To be sure, the trial court was faced with the difficult task of applying Florida's law on presumptions which we have found to be somewhat less than a model of clarity in this area. First, Florida's rules on presumptions complicated the burden of proof issue.8  Generally, Florida follows the "bursting bubble" theory of presumptions or the "Thayerian rule." Under this theory, "when credible evidence comes into the case contradicting the basic fact or facts giving rise to the presumption, the presumption vanishes and the issue is determined on the evidence just as though no presumption had ever existed." Nationwide Mutual Insurance Co. v. Griffin, 222 So. 2d 754, 756 (Fla.App.1969). Caldwell v. Division of Retirement, Florida Department of Administration, 372 So. 2d 438, 440 (Fla.1979). See also, Cooper v. Wolkowitz, 375 So. 2d 1099, 1101 (Fla.App.1979). Accordingly, the receipt gave rise to the presumption of payment, only to vanish at the introduction of the insurance letter denying payment had been made. Even though the presumption vanished, the conflicting evidence on the issue of payment deserved a factual determination by the jury.

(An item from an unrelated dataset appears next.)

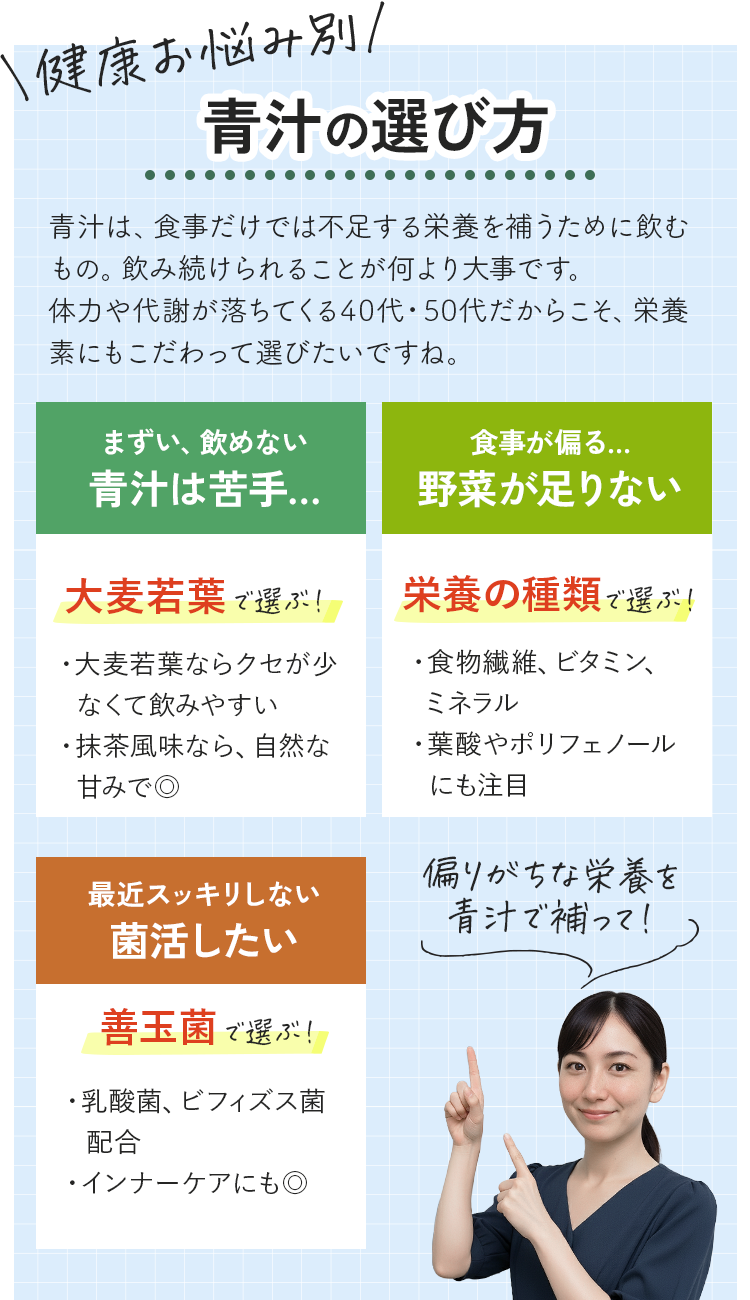 健康の悩みが増える40代・50代にこそ、この青汁はおすすめです。

The need for a credibility decision by the jury is further bolstered by Florida case law which appears to place the burden of rebutting the presumption of payment on the insurer. American Home Mut. Life Ins. Co. v. Gibson, 72 So. 2d 374, 375 (Fla.1954). In Gibson the Florida Supreme Court approved a ruling in which the trial court held "that possession of the policy at the time of his death by the insured raises the presumption that the first premium was paid; further, that the burden of establishing nonliability on account of the failure to pay the first premium is on the (insurer)."9  Id. at 375.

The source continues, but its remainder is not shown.